== Data for analysis

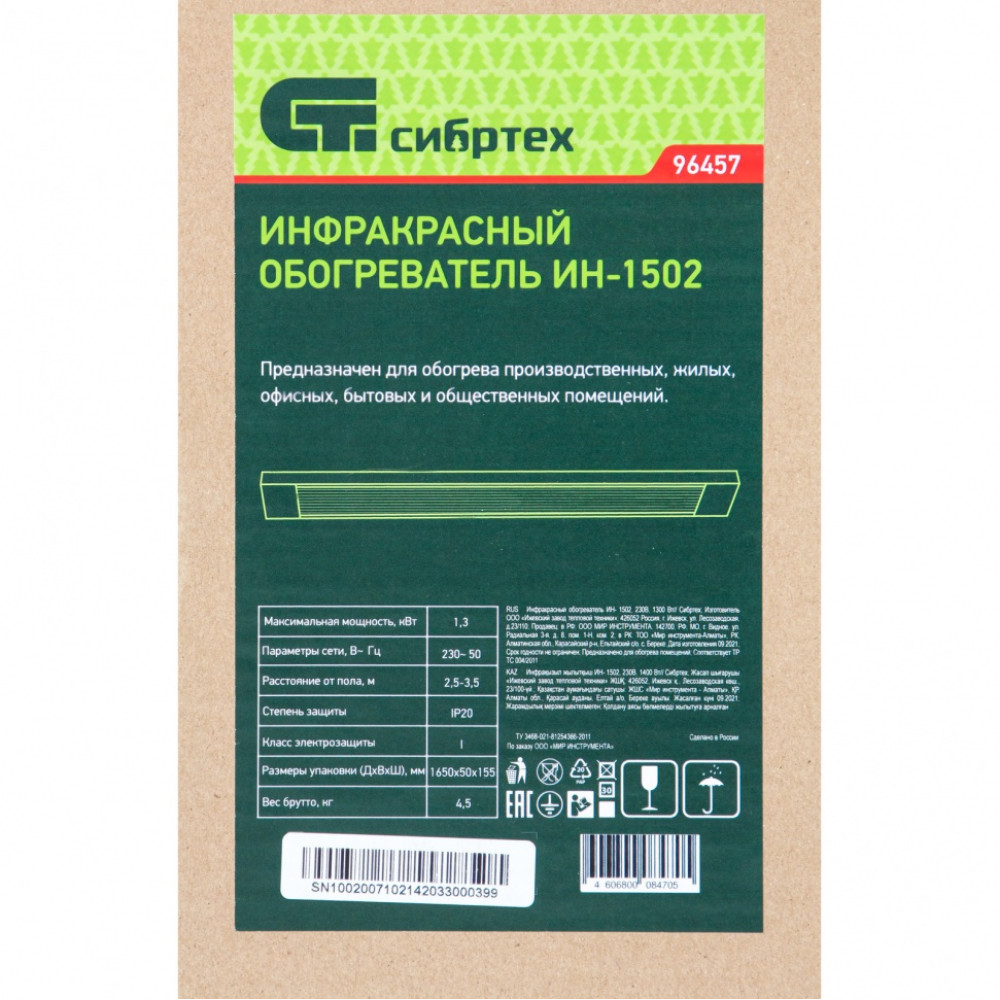 Инфракрасный обогреватель Сибртех ИН-1502 96457 подключается к сети 230 В, потребляет мощность до 1400 Вт и предназначен для создания комфортных температурных условий в помещении в холодное время года. Служит основным источником тепла на площади до 13 кв. м и дополнительным — в помещениях до 26 кв. м.
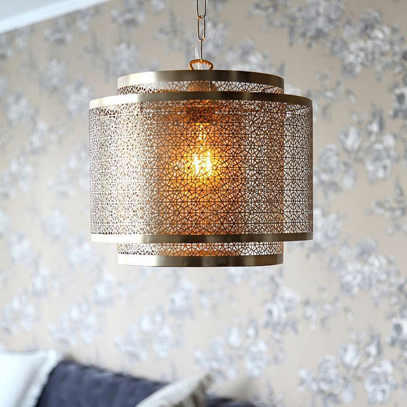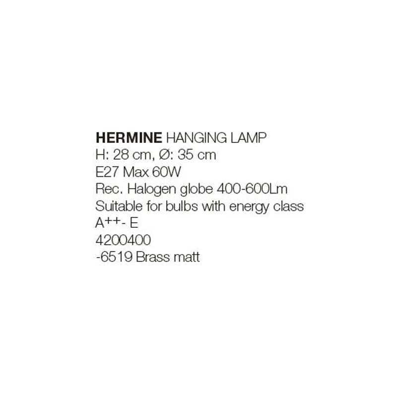 Product Code: 4B4200400-6519 Light source: 1 x 60W | E27 | Rec. 400-600lm Materials: Metal Dimensions: Ø 350mm x H 280mm The Hermine pendant uses airy layers of metal to make up a warm feeling. Available in a brass matte finish as either a pendant or wall light. Designed in Sweden
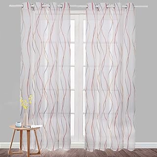 SIMPVALE Lot de 2 Rideaux Transparents à œillets - Élégants Rideaux en Voile à Rayures - pour Chambre à Coucher, Salon, Balcon, Orange, 140x175cm
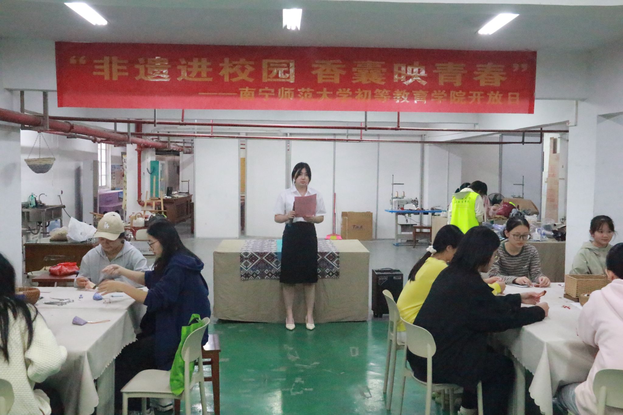 11月25日,初等教育学院在五合校区劳动吧开展“非遗进校园,香囊映青春”开放日活动,各兄弟二级学院学生代表参与活动。
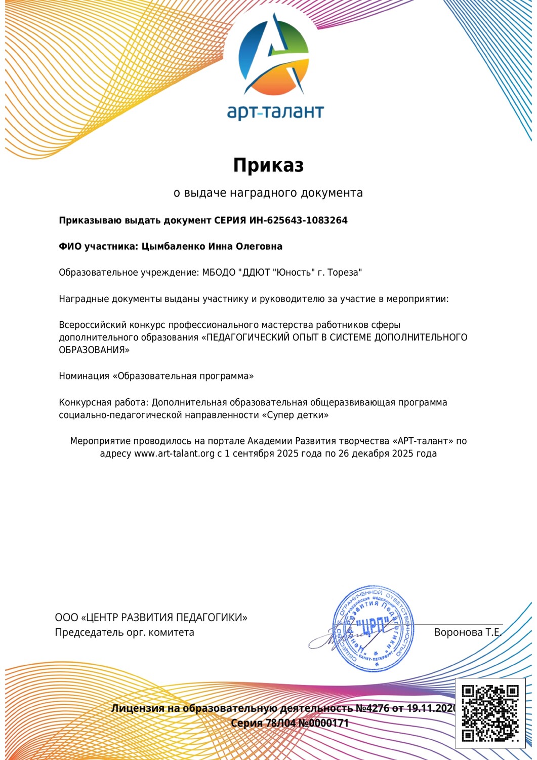 Педагог Дворца творчества Цымбаленко И.О. приняла участие во Всероссийском конкурсе профессионального мастерства работников сферы дополнительного образования «Педагогический опыт в системе дополнительного образования» (платформа «Арт-талант», г. Санкт-Петербург) и стала победителем конкурса (номинация «Образовательная программа»).
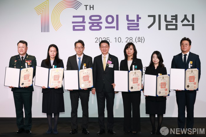 [서울=뉴스핌] 김학선 기자 = 이억원 금융위원장(가운데)이 28일 서울 여의도 FKI타워 컨퍼런스센터 그랜드볼룸에서 열린 '금융의 날 기념식'에서 훈장 및 포장 수상자들과 함께 기념촬영을 하고 있다. 왼쪽부터 정재희, 정지영, 김상용씨, 이억원 위원장, 장정희, 백소윤, 김성호씨. 2025.10.28 yooksa@newspim.com
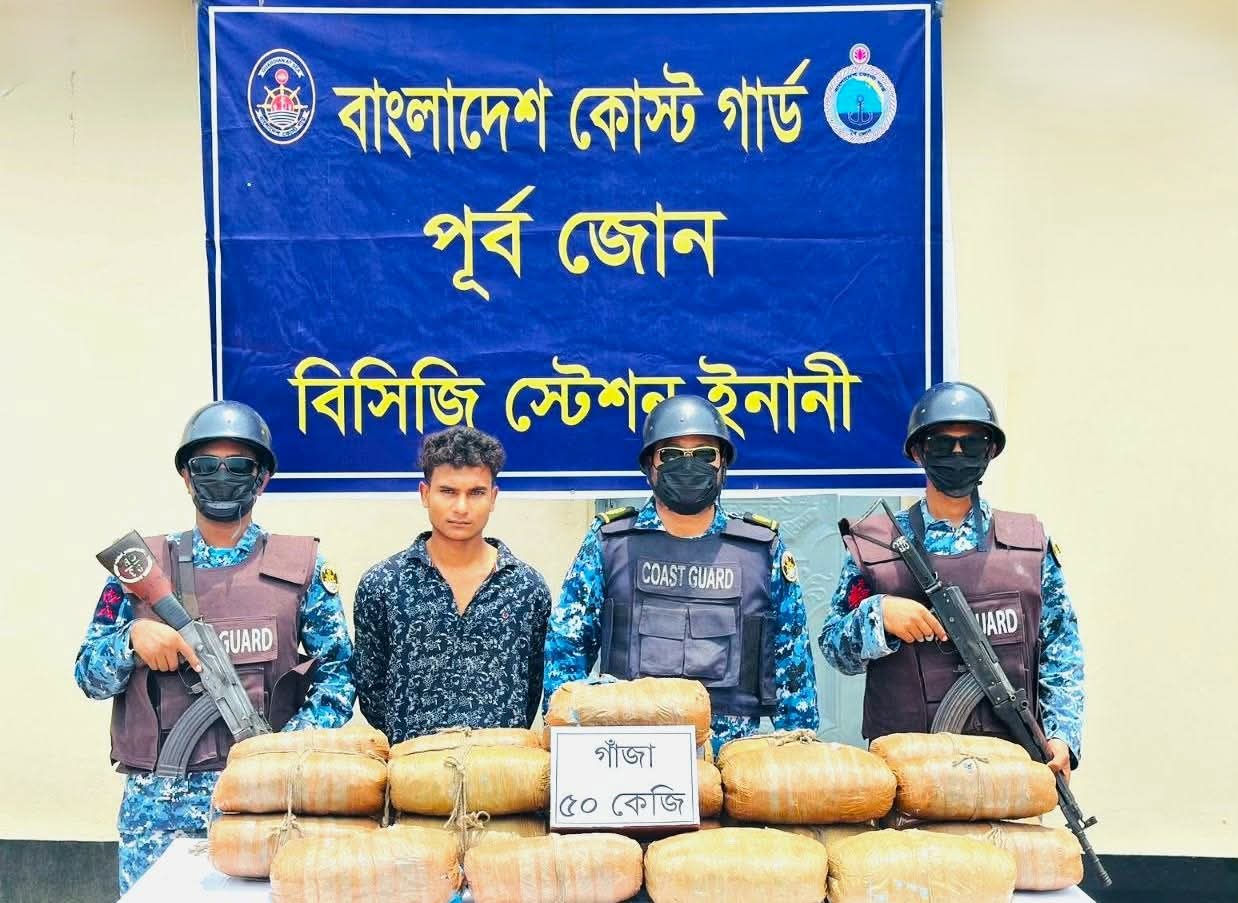 কক্সবাজারের ইনানীতে অভিযান চালিয়ে ৫০ কেজি গাঁজাসহ এক মাদক পাচারকারীকে আটক করেছে বাংলাদেশ কোস্ট গার্ড।
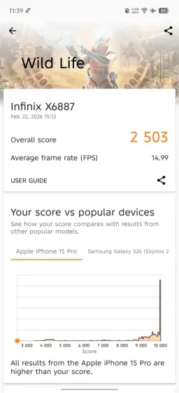 | 3DMark Score | 851 (Wild Life Extreme) (5.1 FPS) |
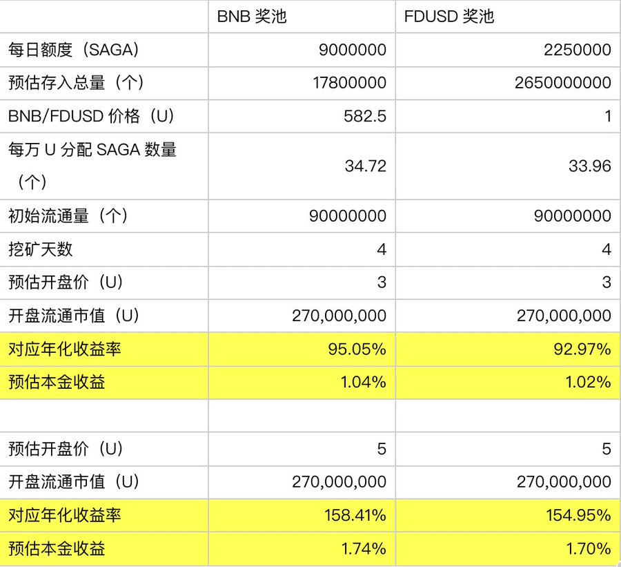 本次假设按照预估SAGA开盘价3u计算,质押bnb收益率约95%,按照开盘价5U计划,收益率约158%。数据仅供参考,DYOR哦~

====

Exactly the lines from the one with "[서울=뉴스핌] 김학선 기자" through the end of the entries above must be written out, and no pictures may be included.

 [서울=뉴스핌] 김학선 기자 = 이억원 금융위원장(가운데)이 28일 서울 여의도 FKI타워 컨퍼런스센터 그랜드볼룸에서 열린 '금융의 날 기념식'에서 훈장 및 포장 수상자들과 함께 기념촬영을 하고 있다. 왼쪽부터 정재희, 정지영, 김상용씨, 이억원 위원장, 장정희, 백소윤, 김성호씨. 2025.10.28 yooksa@newspim.com
 কক্সবাজারের ইনানীতে অভিযান চালিয়ে ৫০ কেজি গাঁজাসহ এক মাদক পাচারকারীকে আটক করেছে বাংলাদেশ কোস্ট গার্ড।
 | 3DMark Score | 851 (Wild Life Extreme) (5.1 FPS) |
 本次假设按照预估SAGA开盘价3u计算,质押bnb收益率约95%,按照开盘价5U计划,收益率约158%。数据仅供参考,DYOR哦~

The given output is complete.